Each company needs to appoint an auditor to maintain its books of accounts as per the provisions of the Companies Act, 2013 (“Act”). The audit reports of the company prepared by an auditor are essential documents of the company. Thus, the company needs to appoint an auditor at its first Annual General Meeting.

A company can appoint any individual or a firm as it’s auditor. The auditor has to give his written consent to such an appointment. The company should file the notice of appointment of auditor to the Registrar of Companies, i.e. ROC (“Registrar”) within fifteen days of such an appointment.

An auditor may leave the company by resigning from it. If the auditor does not want to continue in the company for any reason, he may give his resignation letter to the company. The Companies Act, 2013 and the Companies (Audit and Auditors) Rules, 2014 (“Rules”) provide the rules and procedures which needs to be followed by the auditor while resigning from the company.

Resignation Under Companies Act, 2013

Section 140(2) of the Act provides for the resignation of an auditor. It states that an auditor needs to file a statement of resignation as provided in the Rules to the Registrar, within thirty days from the date of his resignation. In the case of the Government Company or Government owned company, the auditor of such a company will file the statement with the Comptroller and Auditor-General of India.

The auditor shall indicate his reasons and other relevant facts regarding his resignation in the statement. It is important that the auditor intimates his resignation to the Registrar. If the auditor fails to do so, it attracts penalty under the Act.

If the auditor does not file his statement of resignation, he shall be liable to pay a penalty of Rs 50,000 or an amount equal to his remuneration, whichever is less. In case of continuing failure, the auditor shall be liable to a further penalty of five hundred rupees for each day of such continuing failure, subject to a maximum of five lakh rupees.

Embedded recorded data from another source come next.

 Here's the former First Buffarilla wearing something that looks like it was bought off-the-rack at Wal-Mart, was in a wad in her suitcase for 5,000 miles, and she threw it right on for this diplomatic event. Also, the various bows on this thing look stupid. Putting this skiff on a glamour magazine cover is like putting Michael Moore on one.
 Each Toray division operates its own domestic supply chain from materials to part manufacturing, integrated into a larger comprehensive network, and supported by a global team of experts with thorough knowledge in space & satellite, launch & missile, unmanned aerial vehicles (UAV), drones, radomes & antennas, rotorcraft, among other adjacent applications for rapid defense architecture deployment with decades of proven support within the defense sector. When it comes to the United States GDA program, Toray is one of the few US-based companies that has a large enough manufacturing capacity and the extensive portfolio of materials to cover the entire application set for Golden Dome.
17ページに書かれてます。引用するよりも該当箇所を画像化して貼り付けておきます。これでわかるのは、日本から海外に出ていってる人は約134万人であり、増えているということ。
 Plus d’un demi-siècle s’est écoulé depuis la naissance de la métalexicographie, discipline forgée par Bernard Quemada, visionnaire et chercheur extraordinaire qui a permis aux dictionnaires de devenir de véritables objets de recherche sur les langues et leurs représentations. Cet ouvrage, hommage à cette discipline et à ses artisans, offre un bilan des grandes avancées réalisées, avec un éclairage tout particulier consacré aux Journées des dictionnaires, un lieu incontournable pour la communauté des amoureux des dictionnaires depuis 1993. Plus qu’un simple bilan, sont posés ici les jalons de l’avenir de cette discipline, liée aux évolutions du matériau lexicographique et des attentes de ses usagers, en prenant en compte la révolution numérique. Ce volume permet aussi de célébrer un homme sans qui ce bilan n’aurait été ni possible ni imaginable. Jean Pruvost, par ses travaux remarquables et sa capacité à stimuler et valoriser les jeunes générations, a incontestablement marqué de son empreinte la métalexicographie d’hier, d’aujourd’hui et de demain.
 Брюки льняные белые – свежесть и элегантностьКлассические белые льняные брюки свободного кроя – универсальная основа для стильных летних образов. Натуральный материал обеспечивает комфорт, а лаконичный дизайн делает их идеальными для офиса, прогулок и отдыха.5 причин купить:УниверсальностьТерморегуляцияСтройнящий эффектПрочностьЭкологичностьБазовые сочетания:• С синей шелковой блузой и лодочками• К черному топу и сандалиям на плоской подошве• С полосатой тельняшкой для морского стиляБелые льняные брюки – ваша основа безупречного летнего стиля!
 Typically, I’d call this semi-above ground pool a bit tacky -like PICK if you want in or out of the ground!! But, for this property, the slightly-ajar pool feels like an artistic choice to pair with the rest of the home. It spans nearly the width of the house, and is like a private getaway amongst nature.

Application For Resignation

The application or statement of resignation to be filed by the auditor intimating his resignation is provided in the Rules. The Rules provide that an auditor should file the application Form ADT-3 to the Registrar after resigning from the company.

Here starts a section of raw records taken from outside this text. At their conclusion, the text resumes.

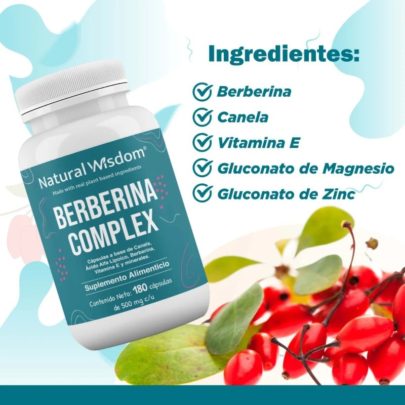 Berberina Complex | suplemento premium para mantener tus niveles de azúcar en sangre estables | adicionado con ácido alfa lipoico, vitamina e, zinc y gluconato de magnesio | 180 cápsulas
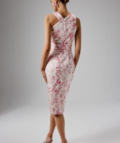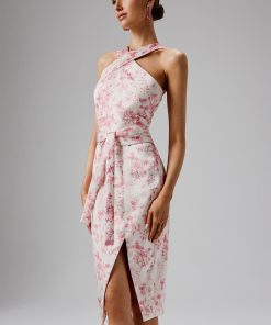 Embrace elegance with our BRIELLE Bonded Satin Obi Belted Halterneck Midi Dress in Pink Porcelain. Crafted from premium bonded satin, this classic midi-length dress features a flattering cross-neck halter neckline and a close-to-body fit that beautifully contours your silhouette. The elegant obi belt cinches the waist, enhancing your shape, while a subtle thigh split adds a hint of allure. This romantic design perfectly balances chic sophistication, making it ideal for spring weddings and formal occasions.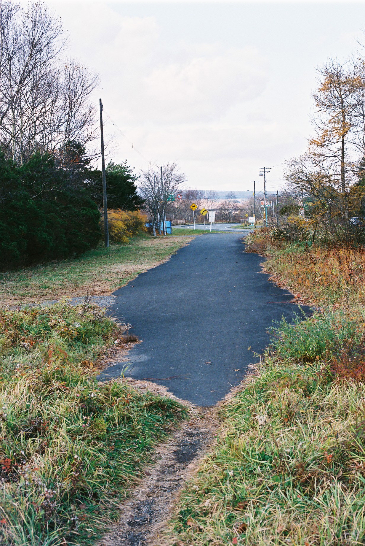 写真G。国道の北を通る市道・錦岡樽前線。途中、妙に幅員の広がっている場所がある。かつて、旧国道が踏切へ直進していた名残りである。
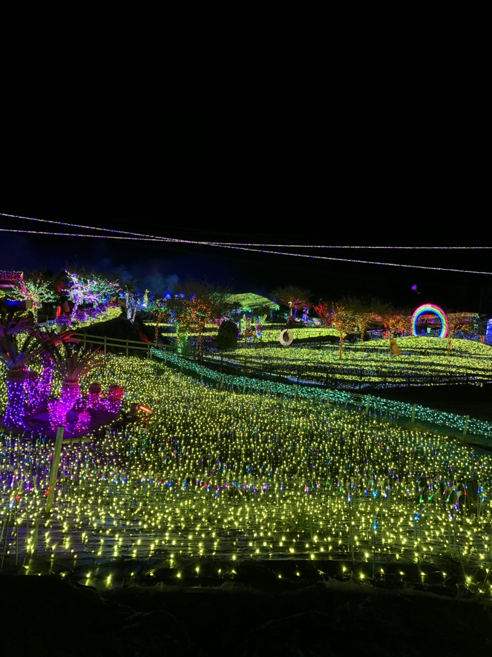 去年に続き、今年もグランイルミを観に行きました。恐竜エリアが増えていたり、金曜日もジップラインができるようになっていたり、10分おきに流れる映像美も変わっていて、楽しめました!夕方5時半過ぎに行ったのですが、ジップラインはものすごーく列を作っていたので、後回しにし、3つの映像と音楽を楽しんでから、再度行ってみると、今度はガラガラ。すぐに挑戦できました。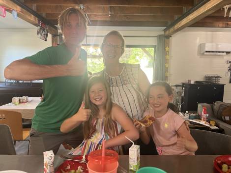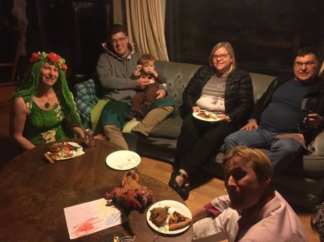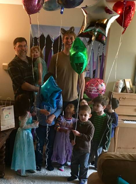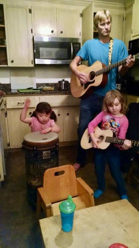 • Singing music for Joe about Joe at the double Joe birthday party with the Webb sisters.

Form ADT-3 can be filed online on the Ministry of Corporate Affairs (“MCA”) website, or it can be filled and given or posted to the Registrar. After the auditor submits his resignation and Form AGT-3 to the company, a board meeting shall be organised with all the directors for effecting the resignation. The company shall appoint a new auditor to fill the vacancy of the resigned auditor as per the provisions of the Act and Rules.

In the meantime, the company can also appoint a casual auditor to fill the vacancy in a general meeting within three months, and such auditor will hold the post until the conclusion of the next annual general meeting. After the resignation of the auditor, the company shall appoint a new auditor in the next annual general meeting.

In the case of a government company, an auditor will be appointed by the Comptroller and Auditor-General of India within thirty days from the resignation of the auditor.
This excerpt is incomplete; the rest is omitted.